• [What the exercise asks]: Hand back every line from the beginning of the data below through the line containing "毛毛拼接一字領上衣(闆娘.花花清單)", word for word and free of pictures.

• [Data in this exercise]:
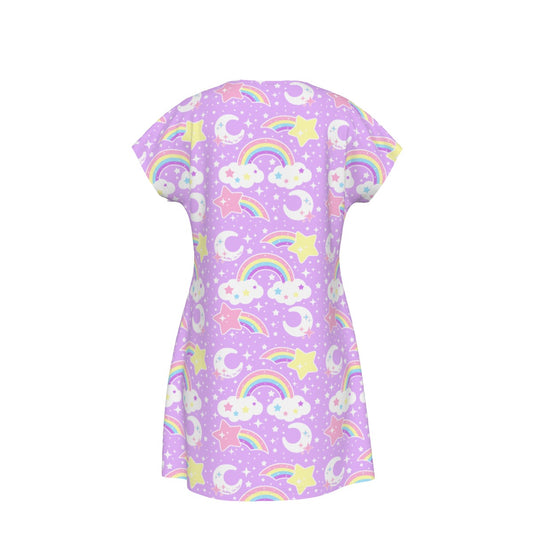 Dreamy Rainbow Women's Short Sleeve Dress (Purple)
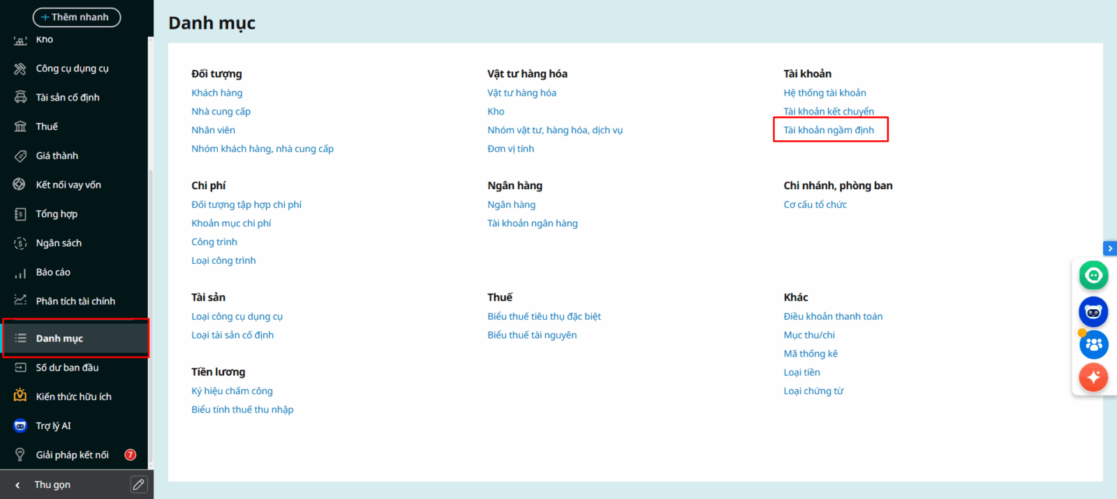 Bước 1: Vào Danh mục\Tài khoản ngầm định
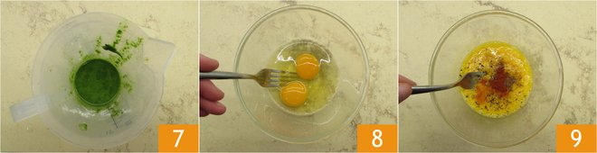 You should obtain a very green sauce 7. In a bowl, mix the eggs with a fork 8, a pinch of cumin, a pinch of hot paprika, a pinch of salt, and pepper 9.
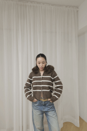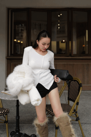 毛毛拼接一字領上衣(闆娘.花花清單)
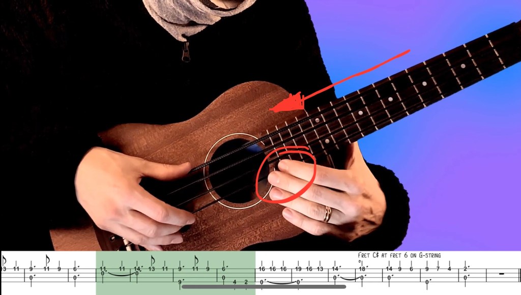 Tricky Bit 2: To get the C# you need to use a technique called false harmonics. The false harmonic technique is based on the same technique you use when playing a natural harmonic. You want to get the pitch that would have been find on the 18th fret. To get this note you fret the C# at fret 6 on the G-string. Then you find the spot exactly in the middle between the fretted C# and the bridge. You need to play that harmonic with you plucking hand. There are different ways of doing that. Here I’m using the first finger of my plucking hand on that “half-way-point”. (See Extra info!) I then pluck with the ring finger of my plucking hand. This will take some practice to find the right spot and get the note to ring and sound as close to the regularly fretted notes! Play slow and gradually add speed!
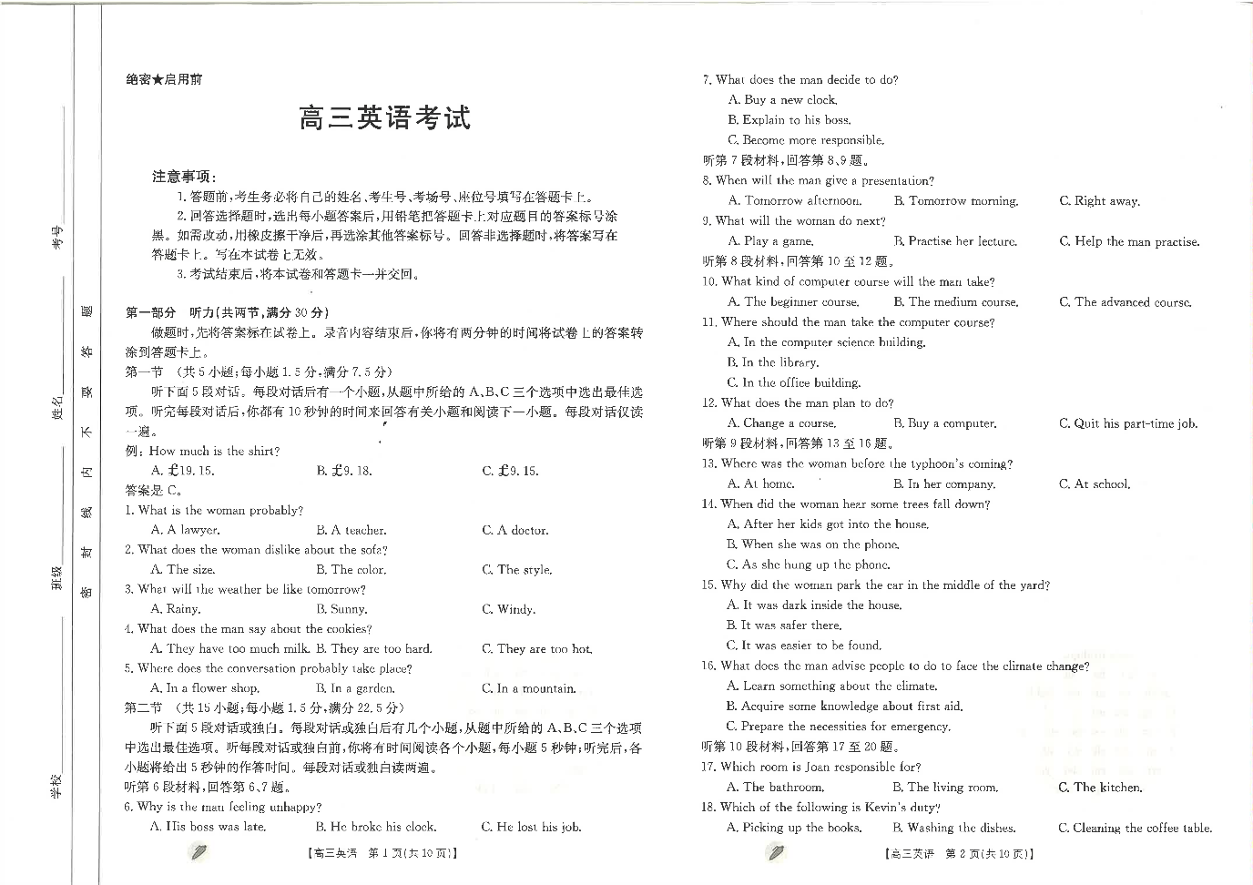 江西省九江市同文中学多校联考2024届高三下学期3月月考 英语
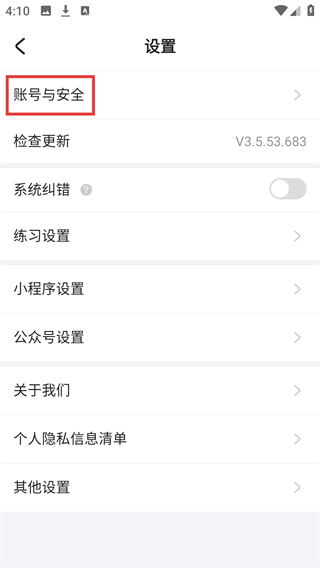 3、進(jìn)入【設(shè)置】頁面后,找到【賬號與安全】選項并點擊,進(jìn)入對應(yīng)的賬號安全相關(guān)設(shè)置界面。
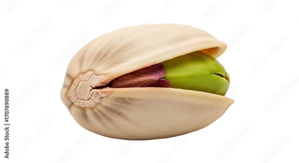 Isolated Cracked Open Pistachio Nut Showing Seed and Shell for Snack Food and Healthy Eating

• [Response]:
 Dreamy Rainbow Women's Short Sleeve Dress (Purple)
 Bước 1: Vào Danh mục\Tài khoản ngầm định
 You should obtain a very green sauce 7. In a bowl, mix the eggs with a fork 8, a pinch of cumin, a pinch of hot paprika, a pinch of salt, and pepper 9.
 毛毛拼接一字領上衣(闆娘.花花清單)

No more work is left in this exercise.